On PC, yep. Steam, Epic and the rest let you set up a library folder on the external drive and then install or move games into it. Two things to remember: have the drive connected before you open the launcher, and give it a fixed drive letter in Windows so it doesn't get flagged as missing. Consoles are stricter, and the answers below get into that.

Do games run slower on an external SSD?

A touch slower than a fast internal NVMe, but in normal play most people won't clock it. What actually limits things is the USB speed, the cable, and heat — not the SSD itself. Set it against an external hard drive and the SSD feels miles quicker. The exception is a game that streams loads of data while you play; that one's safer living on internal storage.

Can I play PS5 games directly from an external SSD?

No, you can't. You're allowed to store PS5 games on a USB external SSD, but to play them they've got to go back onto the console's internal storage or an approved internal M.2 drive first. That's a PlayStation rule, nothing to do with how fast the drive is. The silver lining is that moving a game back over is far quicker than redownloading the whole thing. PS4 games are different — those launch straight off the external.

Do games run better on internal or external SSD?

Internal generally takes the crown on raw speed — wired right into the system, no USB limits, no flaky cables. External wins on being able to move it around. Want both? Keep your active and competitive games on Digiera's internal SSD range and hand the library, the older titles and the backups over to an external drive.

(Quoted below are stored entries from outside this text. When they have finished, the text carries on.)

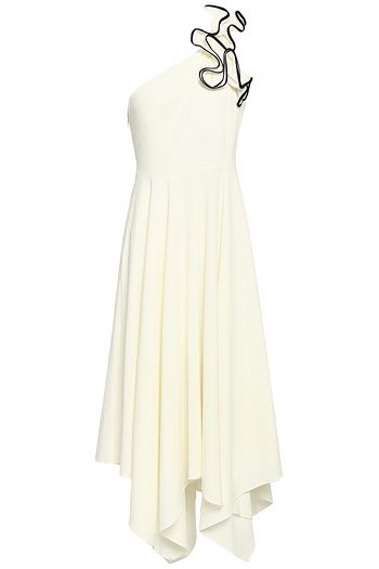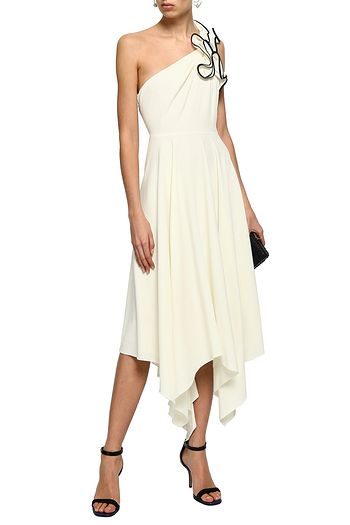 Off-the-shoulder ruffled stretch-crepe midi dress
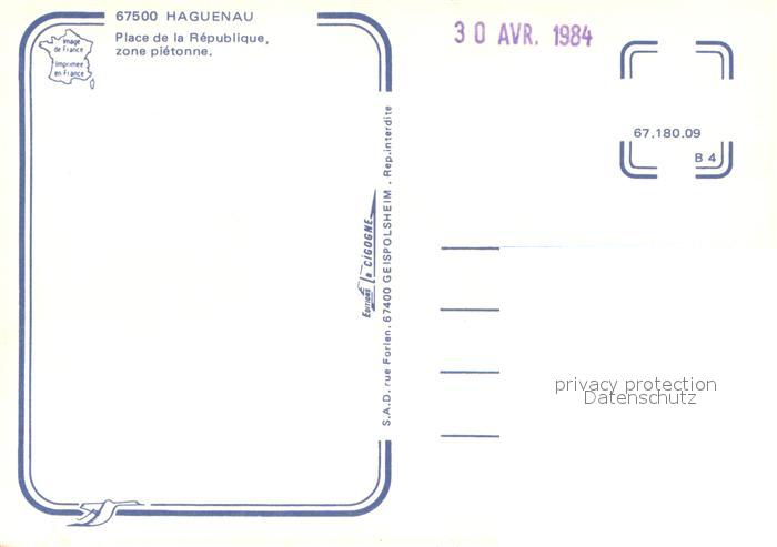13617514 Haguenau Bas Rhin Place de la Republique zone pietonne postalisch nicht gelaufen Erhaltung siehe scans [WerneD78] Wern Katcode 11170067267180
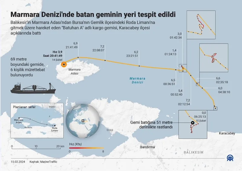 Balıkesir'in Marmara Adası'ndan 14 Şubat Çarşamba günü saat 20.30'da Bursa'nın Gemlik ilçesindeki Roda Limanı'na gitmek üzere 1250 ton mermer tozu yüküyle hareket eden "Batuhan A" adlı kargo gemisi, kötü hava ve deniz şartları nedeniyle dün saat 06.20'de Karacabey ilçesi açıklarında batmıştı. "Batuhan A"nın 6 kişilik mürettebatı için çok sayıda kurum ve kuruluş tarafından yürütülen arama kurtarma çalışmalarında, geminin battığı bölgede boş can salı bulunmuştu.
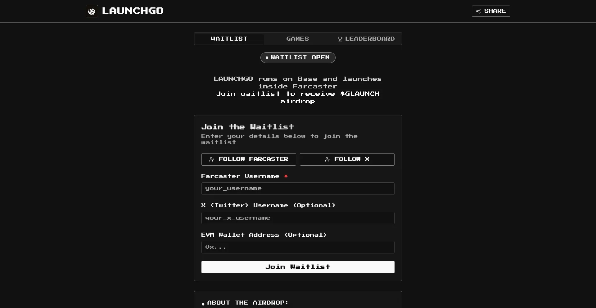 Join the LaunchGO waitlist to receive $GLAUNCH airdrop. Early supporters get premium allocation!
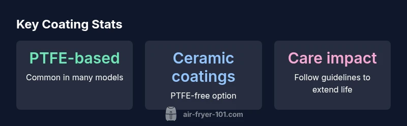 According to Air Fryer 101, coating choices depend on the product line. Some Ninja baskets rely on PTFE-based nonstick (Teflon), which offers smooth food release and easy cleanup; others in the lineup use ceramic or PTFE-free coatings that aim to minimize potential chemical exposure. In practice, coating decisions are tied to the model's intended use, heat range, and consumer safety standards. Always check the packaging and serial label for coating type to ensure you align with your health goals. If you plan to cook acidic foods frequently, you may want to prioritize ceramic or PTFE-free options. Additionally, manufacturer care guidelines influence longevity: avoid metal utensils, abrasive scrubbers, and overheating, which can degrade the surface over time. For households with kids or frequent heavy use, selecting a PTFE-free option may reduce the risk of flaking or residue transfer. Air Fryer 101's team emphasizes that these coatings are just one part of a broader approach to safe, convenient air frying.

Why can't the PS5 play games from an external hard drive?

Because PS5 games are built around the console's fast internal SSD, which shovels data across quicker than any USB hard drive can keep up with. A hard drive's simply too slow for direct PS5 play, and even a quick USB SSD doesn't clear the bar for the direct-play rule. The drives are still handy for storing PS5 games and running PS4 titles — just not for playing PS5 games off the drive itself.

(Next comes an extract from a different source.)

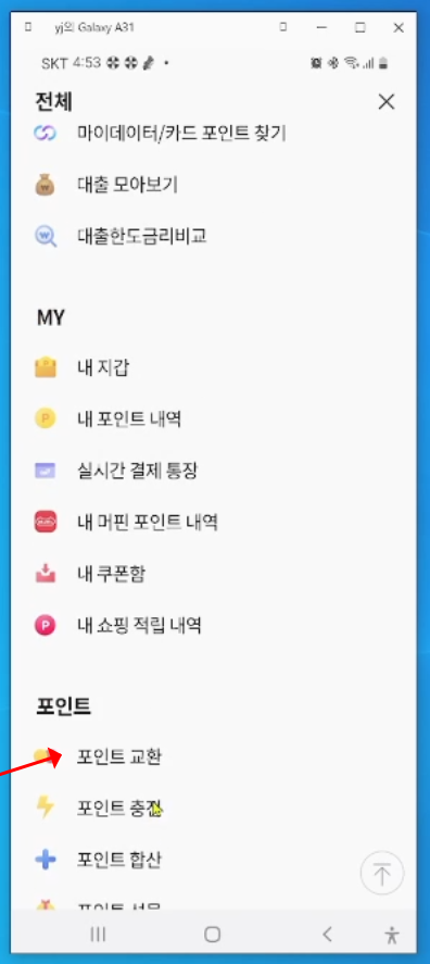 그리고 포인트 교환을 클릭해 줍니다.
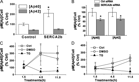 Figure 8. SERCA activity regulates Aβ production. (A) SERCA2b overexpression leads to higher Aβ levels. Aβ40 and Aβ42 levels were measured by sandwich ELISA. Note that Aβ40 levels are significantly increased in SERCA2b-transfected cells, compared with control pcDNA vector-treated cells (*, P < 0.05; n = 5). (B) Genetic down-regulation of SERCA2b expression lowers Aβ levels. siRNA-mediated down-regulation of SERCA2b leads to lower steady-state Aβ levels when compared with cells treated with a control (scrambled) siRNA (*, P < 0.05; n = 6). (C and D) Pharmacological inhibition of SERCA activity lowers steady-state Aβ levels. Inhibition of SERCA2b with 1 μM thapsigargin in the presence of extracellular Ca2+ decreases Aβ40 levels within 4.5 h (n = 4) and also decreases Aβ42 levels within 11.5 h (n = 4). 4.5 h: *, P < 0.005 for thapsigargin and control; *, P < 0.05 for thapsigargin and DMSO. 11.5 h: *, P < 0.005 for thapsigargin and control; *, P < 0.05 for thapsigargin and DMSO. Error bars show SEM. |

Is 2TB overkill for gaming?

Not for anyone who plays games much. Modern titles and their endless updates chew through space, and 2TB means you keep a proper library installed without the weekly purge. Casual, light play? 1TB or even 512GB will do you fine. Still on the fence about size, the 512GB vs 1TB capacity guide runs through the real-world use cases. 4TB's only overkill if you're never going to fill it.

What is the lifespan of a PS5 SSD?

Years, with normal gaming. How long really depends on the drive's build quality, how hot it gets, and how much data you write to it over time. Get a compatible M.2 drive with decent cooling, don't let it cook during marathon sessions, and back your saves up to the cloud. Look after it and it'll very likely see out the whole console generation.